**YOUR TASK:** Every line from the one holding "Heavy-Duty Push Broom" through the one holding "Petugas Satlantas turun" in the data below must be returned exactly, both ends included, with pictures left out and nothing else added.

**PROVIDED DATA:**
────

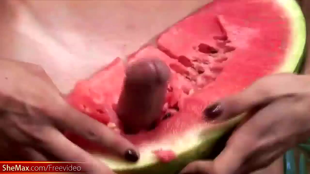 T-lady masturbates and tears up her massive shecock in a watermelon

────

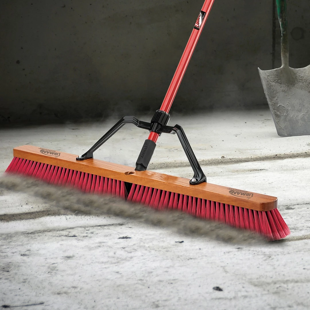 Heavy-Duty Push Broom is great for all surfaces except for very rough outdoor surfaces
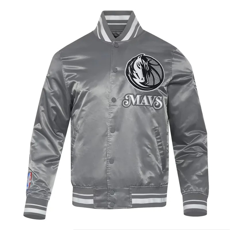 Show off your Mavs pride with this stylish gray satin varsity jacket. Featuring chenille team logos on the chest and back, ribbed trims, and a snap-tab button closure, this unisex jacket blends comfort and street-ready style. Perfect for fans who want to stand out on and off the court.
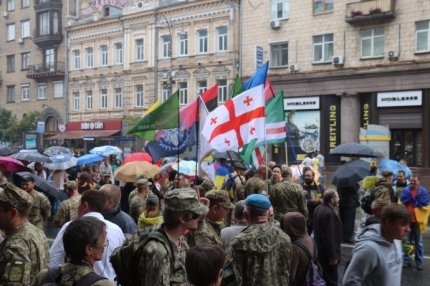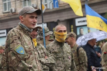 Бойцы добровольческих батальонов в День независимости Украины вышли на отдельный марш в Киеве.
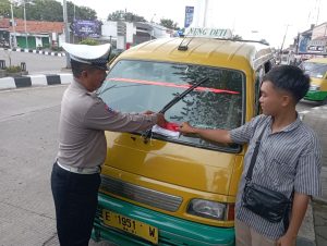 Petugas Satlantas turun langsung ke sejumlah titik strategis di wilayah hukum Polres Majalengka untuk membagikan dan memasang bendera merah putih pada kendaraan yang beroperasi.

────

**TASK RESULT:**
 Heavy-Duty Push Broom is great for all surfaces except for very rough outdoor surfaces
 Show off your Mavs pride with this stylish gray satin varsity jacket. Featuring chenille team logos on the chest and back, ribbed trims, and a snap-tab button closure, this unisex jacket blends comfort and street-ready style. Perfect for fans who want to stand out on and off the court.
 Бойцы добровольческих батальонов в День независимости Украины вышли на отдельный марш в Киеве.
 Petugas Satlantas turun langsung ke sejumlah titik strategis di wilayah hukum Polres Majalengka untuk membagikan dan memasang bendera merah putih pada kendaraan yang beroperasi.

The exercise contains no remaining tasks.